I want to mention a meeting that took place in Vancouver just recently with the ministers of health of the provinces and territories. They met with our federal Minister of Health. It was a disaster, quite frankly. Everybody was pointing fingers at everybody else, saying it is everybody else's fault that this meeting fell apart. The provinces want more money for health care, with no strings attached. They say the federal Minister of Health just is not listening.
On the other hand, the Minister of Health is finally feeling the reality of scarce resources. He says the provinces just do not understand his dilemma. On the one hand, he is having to work with his government's inflationary spending, and that it is never enough for the provinces.
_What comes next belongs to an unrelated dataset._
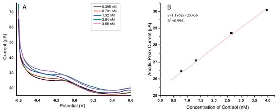 Shama et al. proposed the development of a sensitive device based on Ag NPs-doped MIPs for cortisol detection in aqueous and biological samples [103]. The optical-morphological characterization for AgNPs exhibited a spherical shape with an average size of 40 nm. For proper optimization, the authors tested five different cortisol concentrations (0.395, 0.791, 1.32, 2.64, and 3.96 nM) in phosphate-buffered saline (PBS) using differential pulse voltammetry (DPV) techniques, thus obtaining a calibration curve for further cortisol quantification, which was proven to offer accurate and reproductible results, as can be observed in Figure 5. The study revealed that the addition of Ag NPs enhances the biosensor’s performance in terms of sensitivity and selectivity, mostly due to the high surface-to-volume area of the nanoparticles. Cortisol detection proved high yield in human plasma samples, leading to a very low detection limit of 0.214 nM, which could hardly be achieved through classical detection methods [103].

On the other hand, he knows that inflationary spending is driving up inflation and driving up interest rates.
We are now in a position where just the interest cost to service the national debt is going to be roughly equivalent to the amount of money the federal government pays to provinces in health transfers. The Bank of Canada's posted interest rate of 3.75%, times $1.3 trillion, if my math is correct, works out to roughly $40 billion. The federal government pays $45 billion in health transfers. These are the pressures we are facing. This is the result of the government's reckless inflationary spending. This is the legacy the current government is going to have to carry with it.
What will the Conservative Party do when we form government? When I listen to my constituents, that day cannot come early enough. As our leader has said on many occasions, instead of creating more cash, we will create more of what cash buys: more homes, more food and more resources here at home. We will remove government gatekeepers, get more homes built and make Canada the quickest place in the world to get building permits.
I was talking to marine operators in the Port of Vancouver, and they were telling me how long it takes to get an approval for any kind of project. One who also operates in the United States told us that within 18 months of applying for the approval, they actually had shovels in the ground. We can compare that to what happens in Vancouver, in Canada, and it is no wonder our productivity is so low. Everything gets bogged down with government gatekeepers.
We will make energy more affordable by approving projects more quickly. We will tackle climate change by making alternative energy cheaper, not by making Canadian energy more expensive.
We will reform tax and benefit systems to ensure that whenever anybody works and puts in some extra hours, it will pay off for them. The message I want to give to Cory in my riding is that a Conservative government will ensure that hard-working Canadians will be able to keep more of their paycheques to feed their families.
We will be voting against the fall economic statement because it did not respond to the demands we put forward, which I believe Canadians think are very reasonable.
First of all, we had asked that there be no new taxes. This includes cancelling all planned tax hikes, including the payroll tax increase that businesses in my community are fearing is going to make business even more difficult. We are asking for no new spending: a dollar for a dollar. If the government wants to spend an extra dollar, it needs to find a dollar somewhere else, pay-as-you-go style. This, I think, is completely reasonable.
Canadians are expecting the government to manage its finances properly. Under the current government, our economy is not being managed well.